* Your goal *
Transcription, pictures excluded: write out the data below exactly.

* Information supplied *
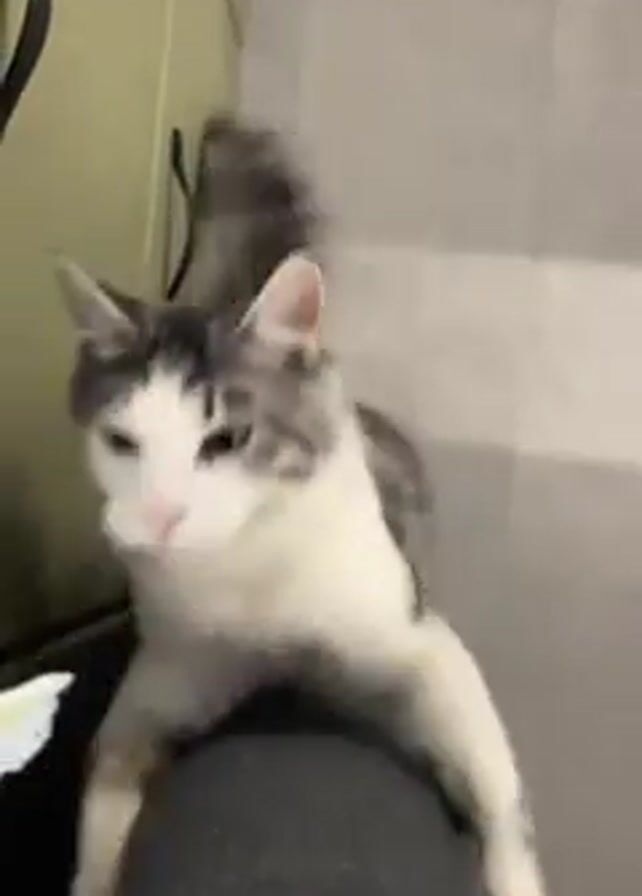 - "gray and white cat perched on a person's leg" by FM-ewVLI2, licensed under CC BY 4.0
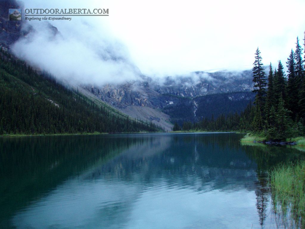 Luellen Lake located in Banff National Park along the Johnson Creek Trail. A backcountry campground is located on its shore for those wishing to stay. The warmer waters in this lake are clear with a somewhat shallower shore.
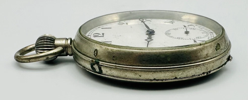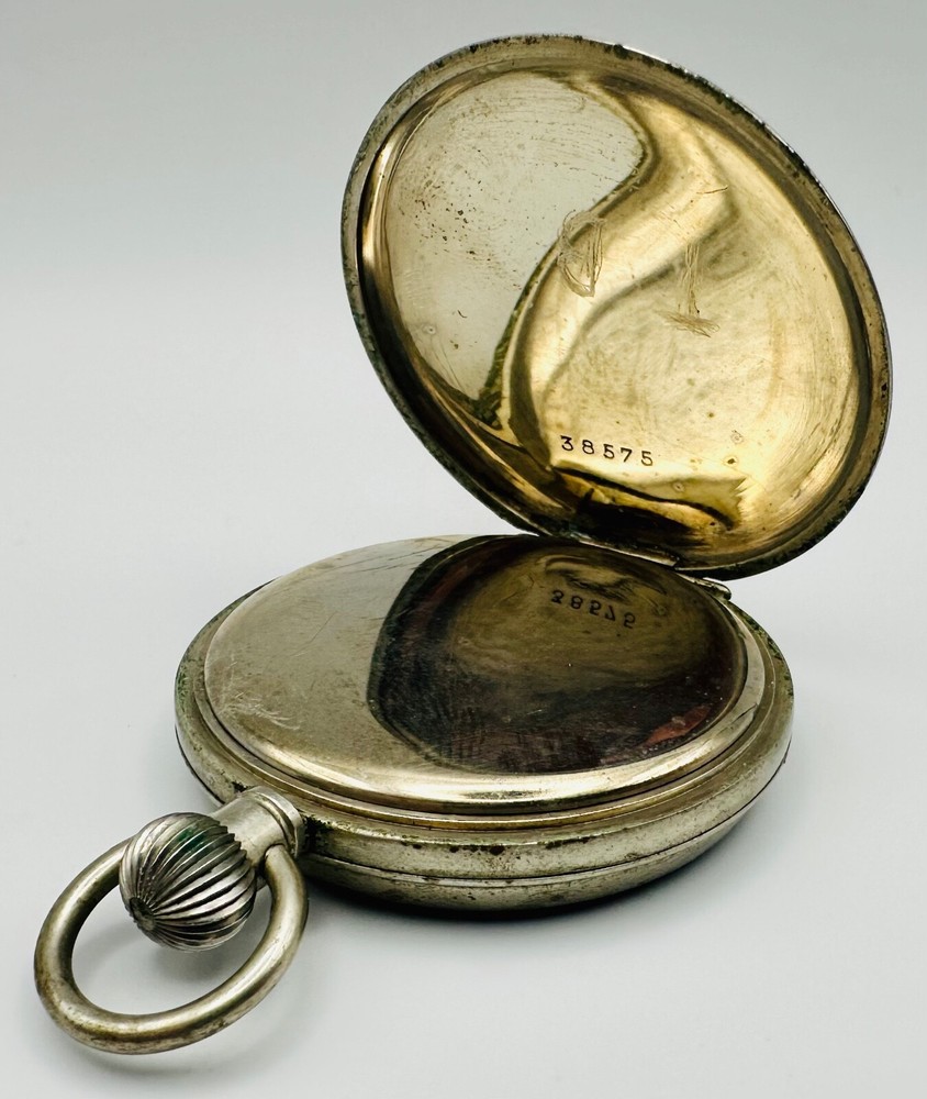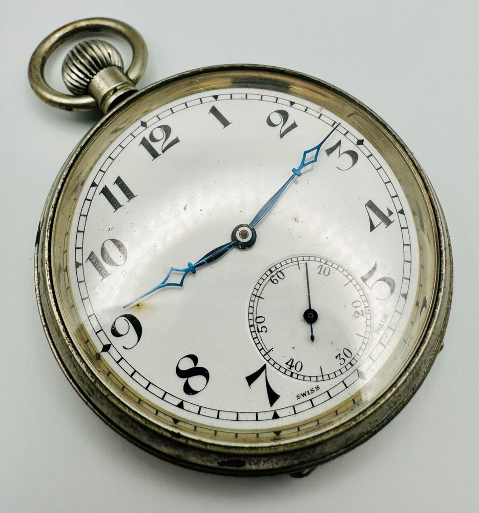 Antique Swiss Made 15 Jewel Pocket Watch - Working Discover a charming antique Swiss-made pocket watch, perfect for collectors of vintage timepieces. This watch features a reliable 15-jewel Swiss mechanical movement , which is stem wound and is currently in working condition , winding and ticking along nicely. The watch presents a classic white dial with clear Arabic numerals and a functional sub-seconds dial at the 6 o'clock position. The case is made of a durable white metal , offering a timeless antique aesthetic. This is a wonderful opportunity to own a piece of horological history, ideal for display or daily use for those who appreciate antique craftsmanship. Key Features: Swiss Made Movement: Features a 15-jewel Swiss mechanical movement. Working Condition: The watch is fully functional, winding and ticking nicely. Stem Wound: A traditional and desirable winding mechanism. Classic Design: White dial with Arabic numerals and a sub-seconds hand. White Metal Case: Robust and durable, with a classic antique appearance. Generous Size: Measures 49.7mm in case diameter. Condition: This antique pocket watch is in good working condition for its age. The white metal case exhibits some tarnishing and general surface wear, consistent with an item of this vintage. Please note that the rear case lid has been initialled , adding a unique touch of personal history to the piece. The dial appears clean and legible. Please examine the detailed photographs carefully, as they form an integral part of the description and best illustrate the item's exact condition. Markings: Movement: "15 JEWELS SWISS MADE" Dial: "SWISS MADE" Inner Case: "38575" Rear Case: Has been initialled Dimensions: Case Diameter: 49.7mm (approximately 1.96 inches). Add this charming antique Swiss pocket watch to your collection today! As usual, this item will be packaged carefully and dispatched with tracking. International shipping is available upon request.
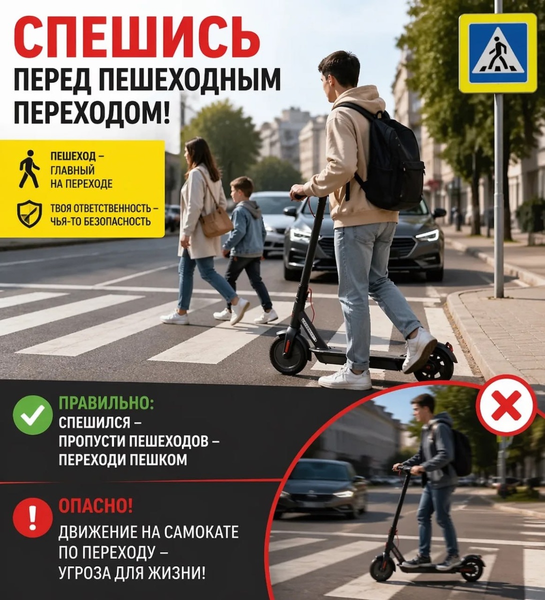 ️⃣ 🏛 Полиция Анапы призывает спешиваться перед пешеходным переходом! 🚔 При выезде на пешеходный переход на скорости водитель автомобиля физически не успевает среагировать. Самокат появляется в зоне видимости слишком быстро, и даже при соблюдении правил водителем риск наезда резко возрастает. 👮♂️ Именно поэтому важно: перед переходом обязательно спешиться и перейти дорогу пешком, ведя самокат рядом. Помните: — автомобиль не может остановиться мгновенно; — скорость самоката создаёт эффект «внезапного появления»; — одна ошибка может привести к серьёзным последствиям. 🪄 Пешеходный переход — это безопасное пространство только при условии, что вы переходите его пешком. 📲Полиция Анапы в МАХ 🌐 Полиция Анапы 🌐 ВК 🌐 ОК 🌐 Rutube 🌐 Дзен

* Solution to the problem *
 - "gray and white cat perched on a person's leg" by FM-ewVLI2, licensed under CC BY 4.0
 Luellen Lake located in Banff National Park along the Johnson Creek Trail. A backcountry campground is located on its shore for those wishing to stay. The warmer waters in this lake are clear with a somewhat shallower shore.
 Antique Swiss Made 15 Jewel Pocket Watch - Working Discover a charming antique Swiss-made pocket watch, perfect for collectors of vintage timepieces. This watch features a reliable 15-jewel Swiss mechanical movement , which is stem wound and is currently in working condition , winding and ticking along nicely. The watch presents a classic white dial with clear Arabic numerals and a functional sub-seconds dial at the 6 o'clock position. The case is made of a durable white metal , offering a timeless antique aesthetic. This is a wonderful opportunity to own a piece of horological history, ideal for display or daily use for those who appreciate antique craftsmanship. Key Features: Swiss Made Movement: Features a 15-jewel Swiss mechanical movement. Working Condition: The watch is fully functional, winding and ticking nicely. Stem Wound: A traditional and desirable winding mechanism. Classic Design: White dial with Arabic numerals and a sub-seconds hand. White Metal Case: Robust and durable, with a classic antique appearance. Generous Size: Measures 49.7mm in case diameter. Condition: This antique pocket watch is in good working condition for its age. The white metal case exhibits some tarnishing and general surface wear, consistent with an item of this vintage. Please note that the rear case lid has been initialled , adding a unique touch of personal history to the piece. The dial appears clean and legible. Please examine the detailed photographs carefully, as they form an integral part of the description and best illustrate the item's exact condition. Markings: Movement: "15 JEWELS SWISS MADE" Dial: "SWISS MADE" Inner Case: "38575" Rear Case: Has been initialled Dimensions: Case Diameter: 49.7mm (approximately 1.96 inches). Add this charming antique Swiss pocket watch to your collection today! As usual, this item will be packaged carefully and dispatched with tracking. International shipping is available upon request.
 ️⃣ 🏛 Полиция Анапы призывает спешиваться перед пешеходным переходом! 🚔 При выезде на пешеходный переход на скорости водитель автомобиля физически не успевает среагировать. Самокат появляется в зоне видимости слишком быстро, и даже при соблюдении правил водителем риск наезда резко возрастает. 👮♂️ Именно поэтому важно: перед переходом обязательно спешиться и перейти дорогу пешком, ведя самокат рядом. Помните: — автомобиль не может остановиться мгновенно; — скорость самоката создаёт эффект «внезапного появления»; — одна ошибка может привести к серьёзным последствиям. 🪄 Пешеходный переход — это безопасное пространство только при условии, что вы переходите его пешком. 📲Полиция Анапы в МАХ 🌐 Полиция Анапы 🌐 ВК 🌐 ОК 🌐 Rutube 🌐 Дзен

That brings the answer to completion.